Hackers managed to steal several gigabytes worth of internal company data from Samsung, the South Korean corporation confirmed on Monday.
Over the weekend, the Lapsus$ hacking group shared a note revealing the contents of their hack. The screenshots suggest that the group was able to obtain around 190GB of data. The data includes the source code for Galaxy devices, algorithms for its biometric authentication, repositories from Samsung’s GitHub, and much more. The hackers then packaged all of the stolen material into a torrent file that is currently making the rounds.
Samsung hackers steal Galaxy source code
This is unquestionably a major incident that could cause rather significant problems for the company going forward. The silver lining, if there is one, is that the hackers were not able to steal any personal data from Samsung customers. Additionally, Samsung says that it has put new measures in place to prevent any further breaches.
Samsung shared the following statement with Bloomberg in regards to the hack:
There was a security breach relating to certain internal company data. According to our initial analysis, the breach involves some source code relating to the operation of Galaxy devices, but does not include the personal information of our consumers or employees. Currently, we do not anticipate any impact to our business or customers. We have implemented measures to prevent further such incidents and will continue to serve our customers without disruption.
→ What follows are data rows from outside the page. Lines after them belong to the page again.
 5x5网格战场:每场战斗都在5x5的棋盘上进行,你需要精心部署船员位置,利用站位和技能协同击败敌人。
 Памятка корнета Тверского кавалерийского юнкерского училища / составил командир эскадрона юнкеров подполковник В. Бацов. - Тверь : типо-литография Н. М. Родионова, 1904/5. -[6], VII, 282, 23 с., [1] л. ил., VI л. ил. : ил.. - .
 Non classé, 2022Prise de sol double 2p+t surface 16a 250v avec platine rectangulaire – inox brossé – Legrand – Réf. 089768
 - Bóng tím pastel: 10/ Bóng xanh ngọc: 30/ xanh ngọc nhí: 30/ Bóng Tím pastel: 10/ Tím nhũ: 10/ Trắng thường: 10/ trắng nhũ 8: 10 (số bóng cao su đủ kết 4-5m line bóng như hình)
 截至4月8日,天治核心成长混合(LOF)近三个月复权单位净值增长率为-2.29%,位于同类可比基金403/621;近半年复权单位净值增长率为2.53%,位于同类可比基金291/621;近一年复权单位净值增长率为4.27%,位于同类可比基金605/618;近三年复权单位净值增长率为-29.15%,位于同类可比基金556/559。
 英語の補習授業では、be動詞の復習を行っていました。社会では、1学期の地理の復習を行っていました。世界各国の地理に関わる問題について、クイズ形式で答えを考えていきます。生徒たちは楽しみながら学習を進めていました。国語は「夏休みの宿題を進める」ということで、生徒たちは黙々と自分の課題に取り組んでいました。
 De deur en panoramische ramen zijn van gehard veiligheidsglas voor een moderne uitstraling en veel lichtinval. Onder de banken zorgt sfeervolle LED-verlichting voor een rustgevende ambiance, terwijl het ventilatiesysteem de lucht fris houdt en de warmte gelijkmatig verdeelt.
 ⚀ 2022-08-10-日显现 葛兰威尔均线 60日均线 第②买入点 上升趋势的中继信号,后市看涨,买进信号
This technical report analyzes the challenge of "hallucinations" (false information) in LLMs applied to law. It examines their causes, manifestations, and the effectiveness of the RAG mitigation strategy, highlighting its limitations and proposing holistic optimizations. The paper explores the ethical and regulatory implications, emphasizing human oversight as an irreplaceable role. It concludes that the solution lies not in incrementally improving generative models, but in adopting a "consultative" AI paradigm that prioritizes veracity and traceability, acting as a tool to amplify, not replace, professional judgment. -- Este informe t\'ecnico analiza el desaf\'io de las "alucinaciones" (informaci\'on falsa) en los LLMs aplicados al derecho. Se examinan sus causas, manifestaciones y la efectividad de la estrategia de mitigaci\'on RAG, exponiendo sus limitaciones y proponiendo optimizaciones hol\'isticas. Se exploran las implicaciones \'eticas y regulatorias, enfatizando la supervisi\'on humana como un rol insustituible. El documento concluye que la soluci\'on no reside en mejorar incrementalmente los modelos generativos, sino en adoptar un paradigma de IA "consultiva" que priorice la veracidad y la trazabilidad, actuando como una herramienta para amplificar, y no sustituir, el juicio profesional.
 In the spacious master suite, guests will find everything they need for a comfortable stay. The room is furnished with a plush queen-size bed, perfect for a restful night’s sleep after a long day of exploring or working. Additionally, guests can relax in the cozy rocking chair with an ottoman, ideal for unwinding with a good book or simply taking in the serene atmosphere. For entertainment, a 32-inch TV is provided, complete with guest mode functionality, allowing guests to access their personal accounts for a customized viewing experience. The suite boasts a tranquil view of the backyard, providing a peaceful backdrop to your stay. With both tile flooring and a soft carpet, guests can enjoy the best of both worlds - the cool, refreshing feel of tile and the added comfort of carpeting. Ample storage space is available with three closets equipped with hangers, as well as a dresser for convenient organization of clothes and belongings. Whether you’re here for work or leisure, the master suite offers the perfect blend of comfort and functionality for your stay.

Lapsus$ is making a name for itself
Notably, this is the second major breach by the hacking group Lapsus$ in the past week. Just days ago, Nvidia announced that it was “aware of a cybersecurity incident which impacted IT resources.” Lapsus$ claimed responsibility for the data breach immediately. Then the group began leaking the credentials of Nvidia employees online.
According to Have I Been Pwned, the group leaked “over 70k employee email addresses and NTLM password hashes, many of which were subsequently cracked and circulated within the hacking community.” The breach occurred on February 23rd, 2022.
Tom’s Hardware reports that Nvidia has over 20,000 employees worldwide. This would suggest that the data breach could have included former employees as well as current employees. Beyond the employee credentials, Lapsus$ also got its hands on two code signing certifications. Both are expired, but can still be used for driver signing purposes:
As part of the #NvidiaLeaks, two code signing certificates have been compromised. Although they have expired, Windows still allows them to be used for driver signing purposes. See the talk I gave at BH/DC for more context on leaked certificates: https://t.co/UWu3AzHc66 pic.twitter.com/gCrol0BxHd
— Bill Demirkapi (@BillDemirkapi) March 3, 2022
In the case of the Nvidia hack, Lapsus$ attempted to blackmail the company. The group’s demands were for Nvidia to make all current and future GPU drivers open source by Friday, March 4th. If the company did not comply, the group would “release the complete silicon, graphics and computer chipset files for all recent Nvidia GPUs.”
As of Monday morning, it doesn’t appear that Lapsus$ has made any similar demands regarding Samsung’s data. Lapsus$ maintains a public Telegram group where it shares updates about its exploits. If any developments occur with the Samsung or the Nvidia hack, it’s more than likely that the hackers will share details within that group.